Given the additional complexity NAT Gateway introduces because of its zonal deployment it is important to understand why you would use this instead of just adding a public IP to the internal SLB along with outbound rules to control the SNAT (note that WITHOUT a public IP or NAT Gateway at the subnet, any machine behind an internal SLB has no Internet access). Key benefits of NAT Gateway over public IP on an internal SLB are described at however some of the key points are:

  1. LB SNAT requires ahead of time knowledge, planning, and tweaking of worst-case scenario for any of the VM’s whereas NAT Gateway allocates on-demand as needed.
  2. Dynamic workloads or workloads which diverge from each other in intensity are difficult to accommodate with LB SNAT.
  3. You must explicitly join every VM NIC to the backend pool of the load balancer to use the SLB SNAT.
  4. Some customers also object to using something that also provides inbound functionality for outbound functionality.
  5. NAT is designed to be a much simpler outbound solution for entire subnet(s) of a virtual network.

Storage Overview

Azure Storage accounts have different redundancy options. The base level of redundancy is Locally Redundant Storage (LRS) which has 3-copies of the data within a physical location. Zone Redundant Storage (ZRS) can be used to have the 3-copies of the data distributed across three AZs in the region. Geo-redundant/Geo-zone-redundant (GRS/GZRS) adds an additional 3 copies of the data at the paired region.

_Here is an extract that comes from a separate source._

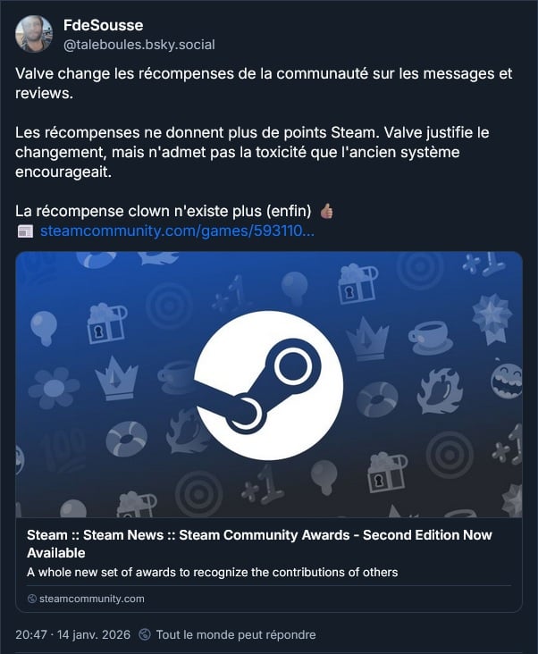 Steam n’offre plus des points Steam pour donner des avis sur Steam :
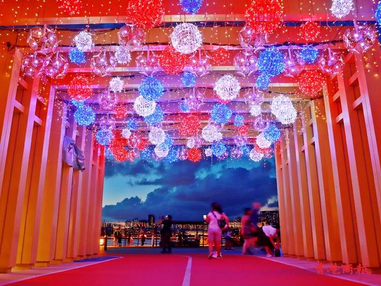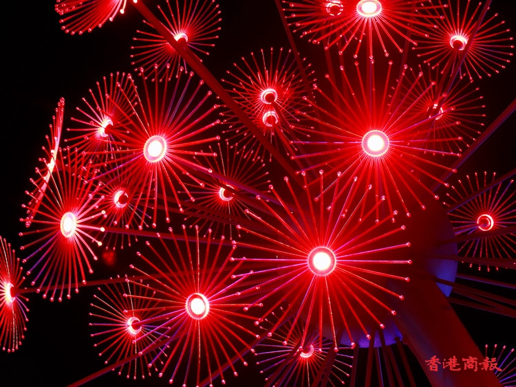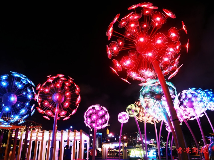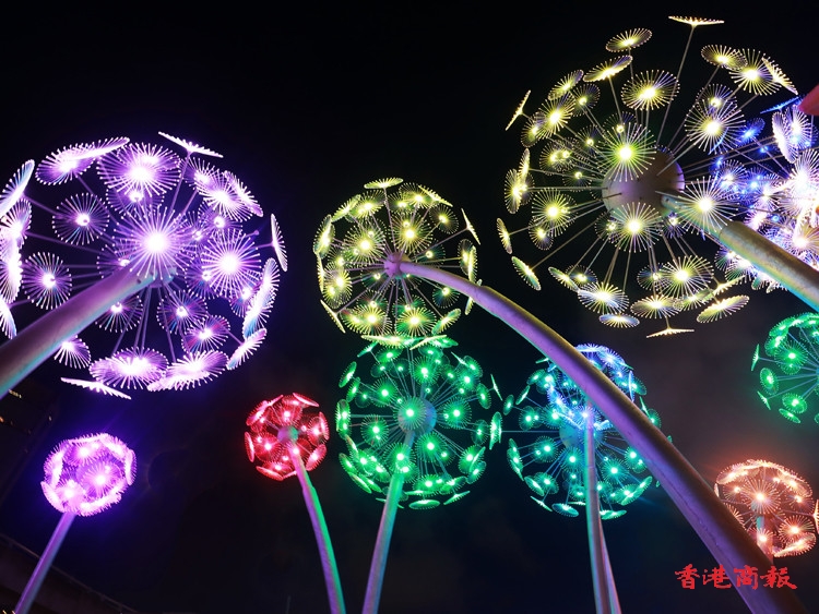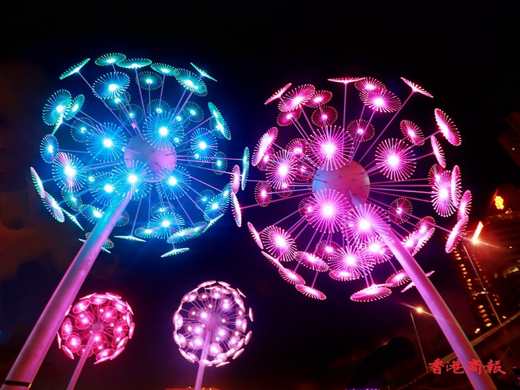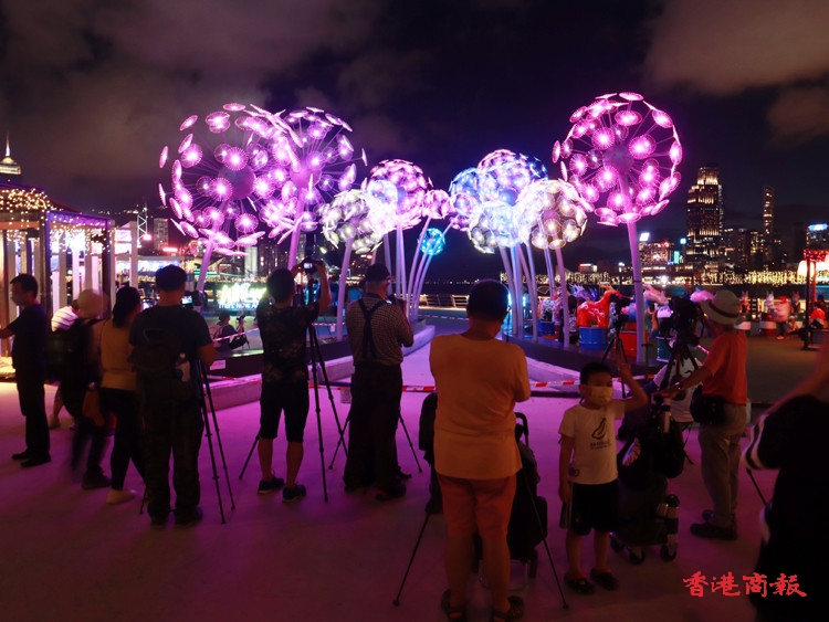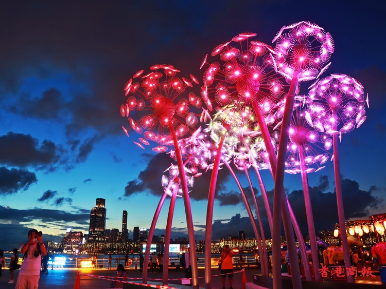 其中炮台山的東岸公園以「夏日納涼煙花」為主題,在公園內擺放了一組題為「花火」的藝術裝置,日間造型是蒲公英,每當夜幕低垂,即幻化成璀璨奪目的花火,美不勝收,加上公園周圍的燈光效果,絕對是不能錯過的打卡點。(記者 馮瀚文攝)

If utilizing GRS/GZRS for storage resiliency to another region it is important other service replication and failover is to the same paired region to ensure in the event of failover the services are in the same region with a functional latency between them, i.e. they are within a single region.

Database services have different options, for example Azure SQL Database premium and business critical are deployed in a zone-redundant configuration. Cosmos DB has an optional zone redundancy option to provide zone-redundant deployments. These configurations are transparent to the application using the service and are accessed through a single endpoint/DNS name which is prescribed by the data service. Additionally, Cosmos DB has different consistency models enabling multi-master configurations which would allow writable replicas in multiple regions.

Compute Overview

For basic VMs it is possible to deploy to a region (99.9% SLA when using premium SSD or Ultra Disk), an availability set (99.95% SLA with 2+ instances) or availability zone (99.99% SLA with 2+ instances). When deploying to AZs it is important VMs are distributed over multiple AZs.

Virtual Machine Scale Sets support both zonal and cross-zone deployments. When deploying across zones different balance options are available which includes a best effort zone balance or strict zone balance. Best effort will attempt to keep balance across zones but will allow temporary imbalance. Strict will not allow scale actions if the balance would be broken. For most scenarios best-effort suffices.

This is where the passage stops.